PROBLEM REQUIREMENTS ->
Reproduce only the lines below from the line containing "Μετά τους καταρράκτες" to the line containing "- Features oversize", exactly as written, with both end lines kept. Omit the pictures.

::: MATERIAL SUPPLIED

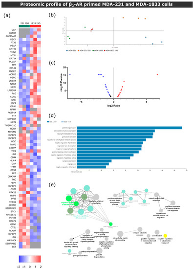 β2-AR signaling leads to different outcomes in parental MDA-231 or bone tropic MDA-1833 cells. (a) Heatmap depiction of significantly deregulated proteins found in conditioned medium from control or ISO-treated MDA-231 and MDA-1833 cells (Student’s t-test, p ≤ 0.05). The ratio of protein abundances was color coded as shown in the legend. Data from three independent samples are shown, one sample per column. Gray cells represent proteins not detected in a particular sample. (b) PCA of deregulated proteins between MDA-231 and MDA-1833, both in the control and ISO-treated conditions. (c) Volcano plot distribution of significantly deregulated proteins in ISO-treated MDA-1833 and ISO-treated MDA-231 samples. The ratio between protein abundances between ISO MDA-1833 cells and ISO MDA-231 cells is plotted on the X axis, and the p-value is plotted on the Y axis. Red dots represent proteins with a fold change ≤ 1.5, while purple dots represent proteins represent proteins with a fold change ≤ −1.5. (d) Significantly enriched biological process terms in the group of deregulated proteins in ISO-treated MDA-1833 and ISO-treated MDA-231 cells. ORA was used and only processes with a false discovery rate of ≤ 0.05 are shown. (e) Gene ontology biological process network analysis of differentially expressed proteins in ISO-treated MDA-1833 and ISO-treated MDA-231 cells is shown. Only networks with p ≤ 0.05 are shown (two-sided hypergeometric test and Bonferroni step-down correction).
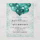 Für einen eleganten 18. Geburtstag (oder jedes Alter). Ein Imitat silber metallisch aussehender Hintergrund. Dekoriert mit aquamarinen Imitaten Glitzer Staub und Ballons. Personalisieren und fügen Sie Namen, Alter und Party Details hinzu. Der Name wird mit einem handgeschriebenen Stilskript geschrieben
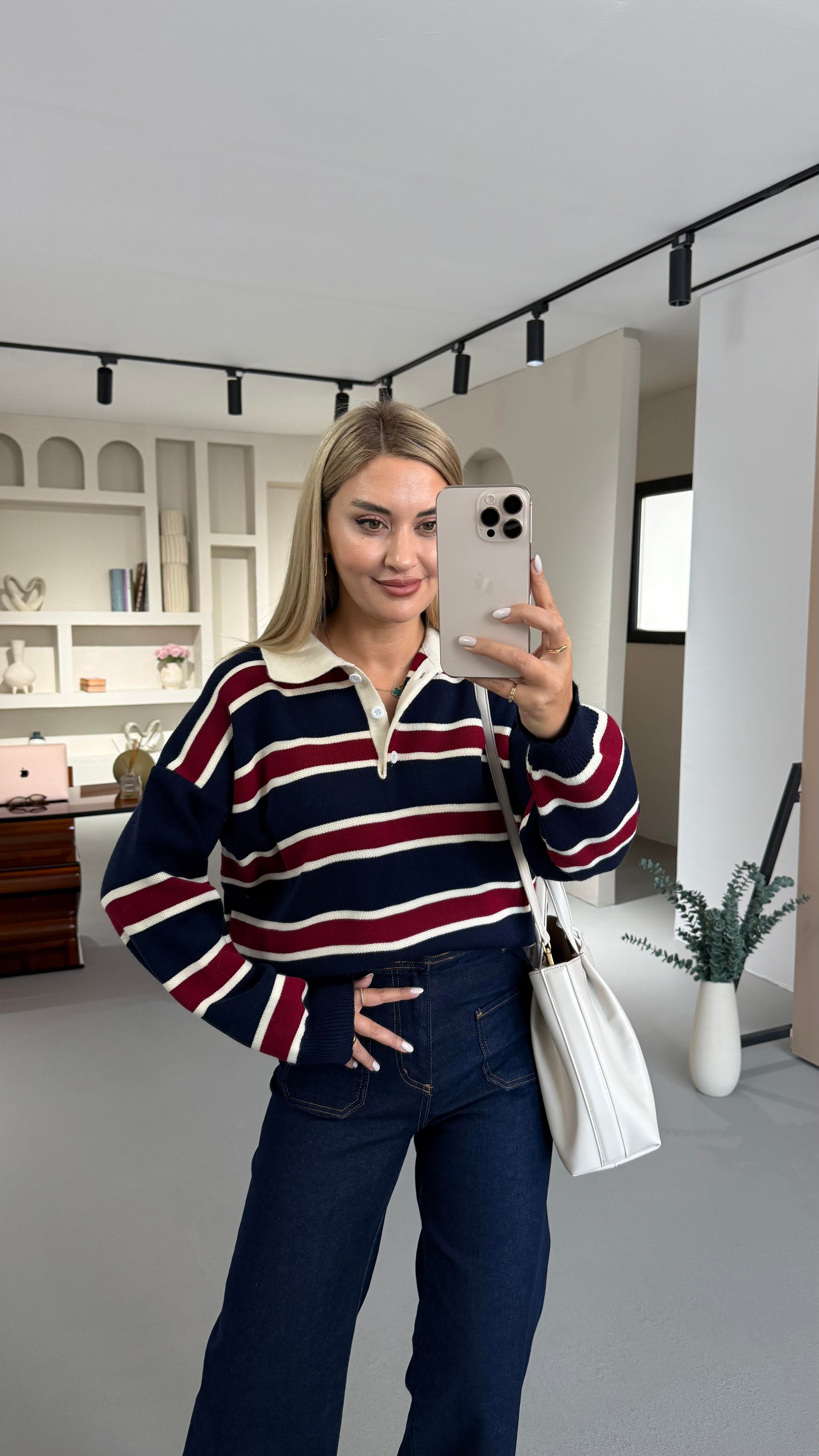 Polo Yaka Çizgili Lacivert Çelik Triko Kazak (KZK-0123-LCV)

::::::
::: MATERIAL SUPPLIED

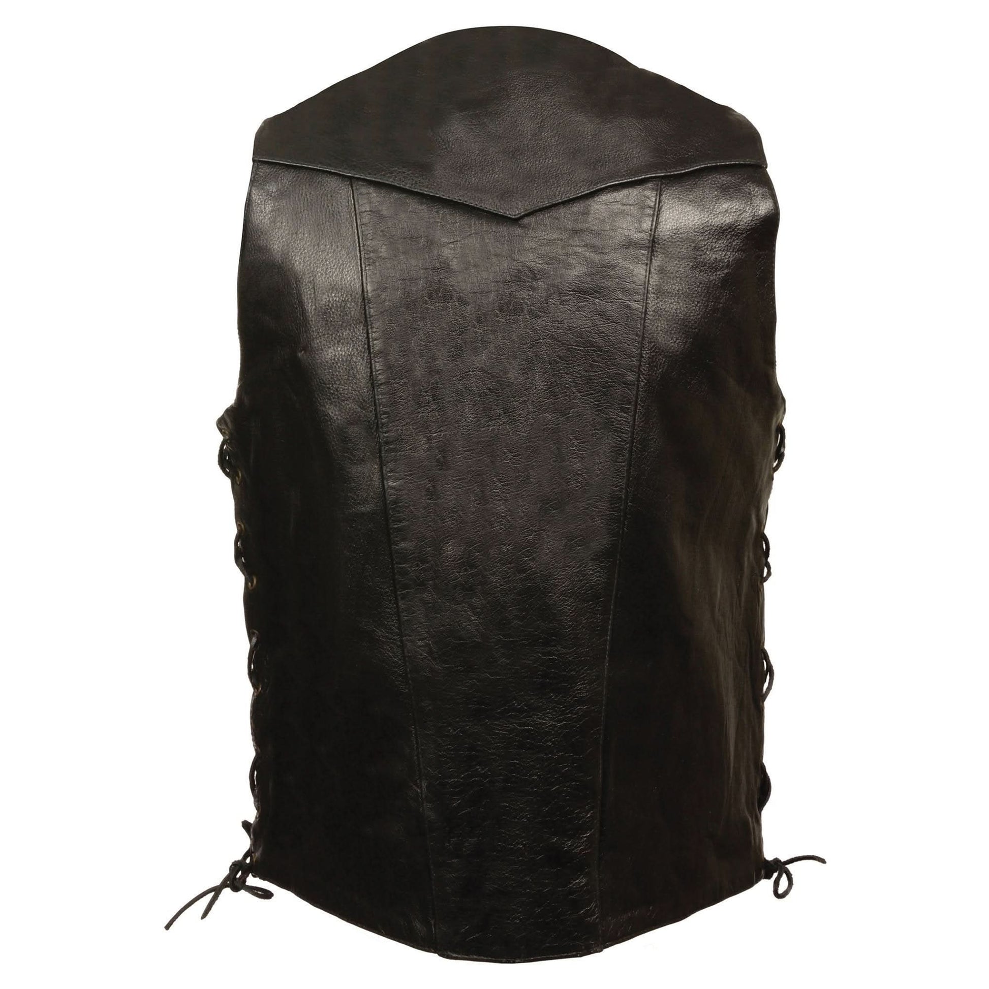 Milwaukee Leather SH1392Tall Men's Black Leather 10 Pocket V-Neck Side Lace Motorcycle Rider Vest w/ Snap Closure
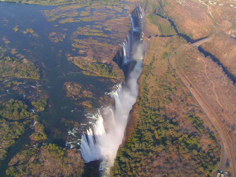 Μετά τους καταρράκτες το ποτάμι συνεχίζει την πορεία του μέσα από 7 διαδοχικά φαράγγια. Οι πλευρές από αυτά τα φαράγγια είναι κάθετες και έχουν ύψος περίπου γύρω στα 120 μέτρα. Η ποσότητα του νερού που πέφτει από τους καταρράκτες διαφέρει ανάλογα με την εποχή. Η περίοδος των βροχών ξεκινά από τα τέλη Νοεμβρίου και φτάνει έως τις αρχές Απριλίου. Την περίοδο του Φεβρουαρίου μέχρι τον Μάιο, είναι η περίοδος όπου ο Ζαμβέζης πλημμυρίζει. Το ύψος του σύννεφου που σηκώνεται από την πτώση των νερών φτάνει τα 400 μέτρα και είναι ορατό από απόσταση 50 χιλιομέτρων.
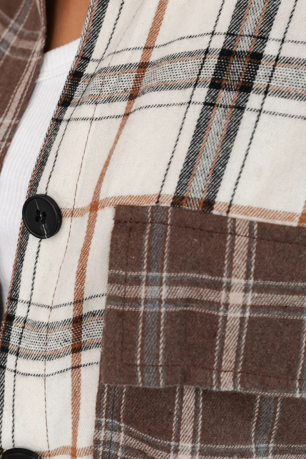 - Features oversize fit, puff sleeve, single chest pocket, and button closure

::::::
::: MATERIAL SUPPLIED

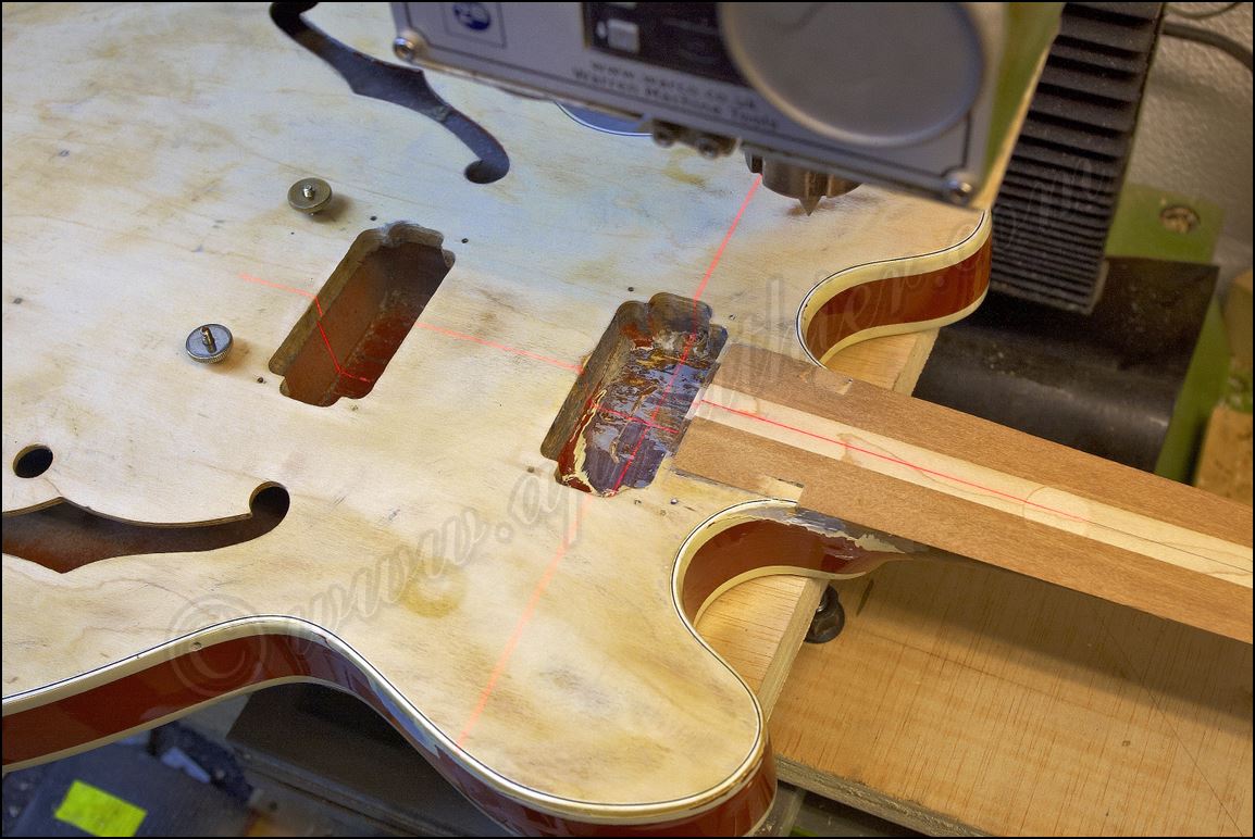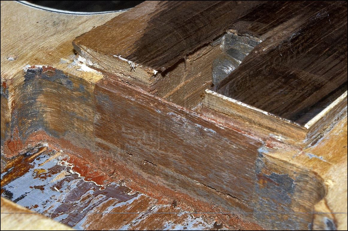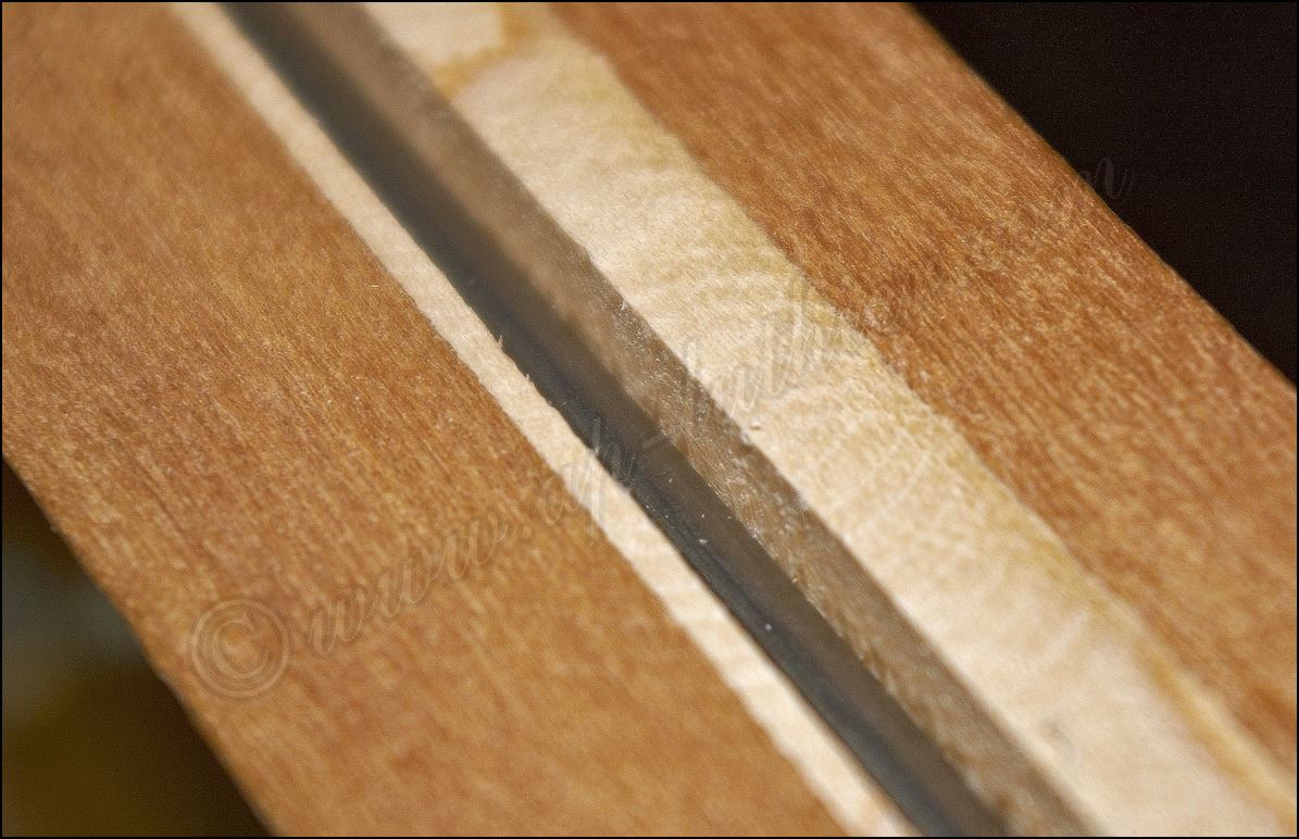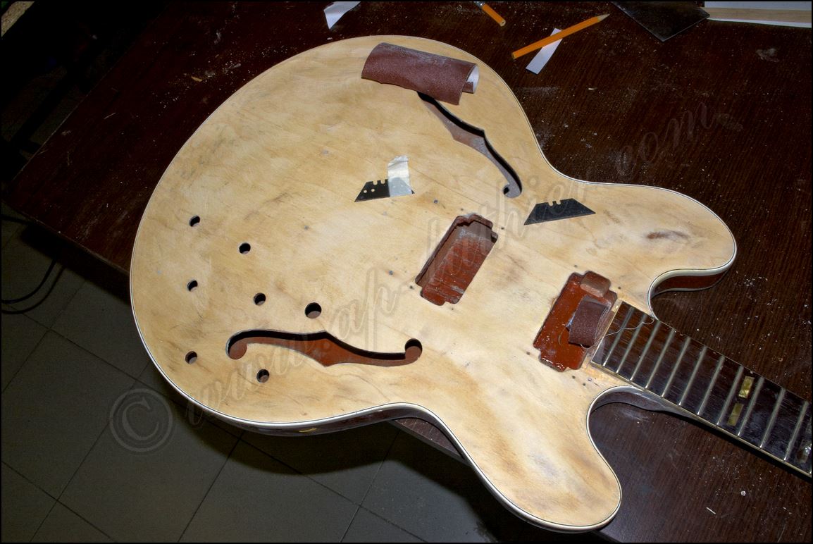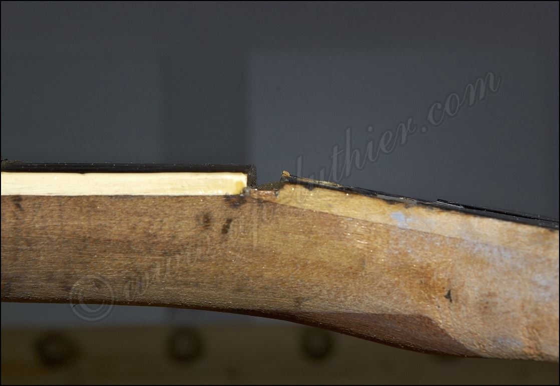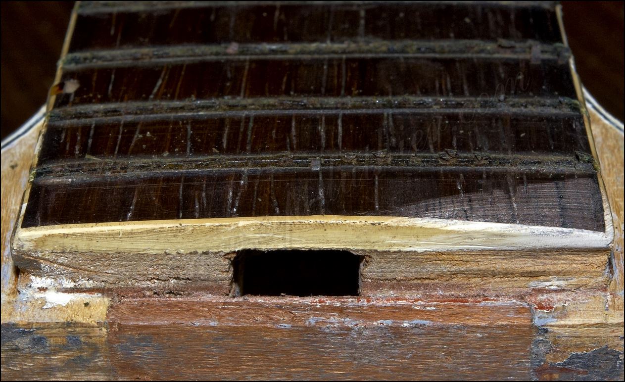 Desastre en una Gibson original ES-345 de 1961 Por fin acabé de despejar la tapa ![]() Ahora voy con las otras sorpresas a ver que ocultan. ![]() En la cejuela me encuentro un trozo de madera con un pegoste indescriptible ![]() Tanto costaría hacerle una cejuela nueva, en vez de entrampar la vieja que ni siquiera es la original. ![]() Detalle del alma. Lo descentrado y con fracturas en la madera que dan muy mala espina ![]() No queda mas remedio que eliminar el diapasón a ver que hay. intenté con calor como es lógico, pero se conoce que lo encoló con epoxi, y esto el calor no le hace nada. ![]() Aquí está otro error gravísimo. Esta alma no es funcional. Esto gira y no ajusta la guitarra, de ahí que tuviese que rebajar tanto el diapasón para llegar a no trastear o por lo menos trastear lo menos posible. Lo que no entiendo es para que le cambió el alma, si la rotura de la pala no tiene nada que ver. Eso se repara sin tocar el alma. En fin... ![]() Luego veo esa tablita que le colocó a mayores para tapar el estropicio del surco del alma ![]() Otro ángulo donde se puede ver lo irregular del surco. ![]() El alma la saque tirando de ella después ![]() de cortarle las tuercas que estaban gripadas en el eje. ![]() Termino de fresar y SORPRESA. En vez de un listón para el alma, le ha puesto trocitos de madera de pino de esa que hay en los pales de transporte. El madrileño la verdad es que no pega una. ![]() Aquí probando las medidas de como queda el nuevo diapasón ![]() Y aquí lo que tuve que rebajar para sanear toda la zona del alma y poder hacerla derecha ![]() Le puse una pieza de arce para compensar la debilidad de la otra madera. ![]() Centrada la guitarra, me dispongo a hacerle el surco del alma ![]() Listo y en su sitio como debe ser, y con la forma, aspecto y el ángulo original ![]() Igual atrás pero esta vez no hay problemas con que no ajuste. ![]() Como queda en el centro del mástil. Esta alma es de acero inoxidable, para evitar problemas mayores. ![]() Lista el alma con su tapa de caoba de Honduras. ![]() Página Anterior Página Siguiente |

::::::

ANSWER SPACE ->
 Μετά τους καταρράκτες το ποτάμι συνεχίζει την πορεία του μέσα από 7 διαδοχικά φαράγγια. Οι πλευρές από αυτά τα φαράγγια είναι κάθετες και έχουν ύψος περίπου γύρω στα 120 μέτρα. Η ποσότητα του νερού που πέφτει από τους καταρράκτες διαφέρει ανάλογα με την εποχή. Η περίοδος των βροχών ξεκινά από τα τέλη Νοεμβρίου και φτάνει έως τις αρχές Απριλίου. Την περίοδο του Φεβρουαρίου μέχρι τον Μάιο, είναι η περίοδος όπου ο Ζαμβέζης πλημμυρίζει. Το ύψος του σύννεφου που σηκώνεται από την πτώση των νερών φτάνει τα 400 μέτρα και είναι ορατό από απόσταση 50 χιλιομέτρων.
 - Features oversize fit, puff sleeve, single chest pocket, and button closure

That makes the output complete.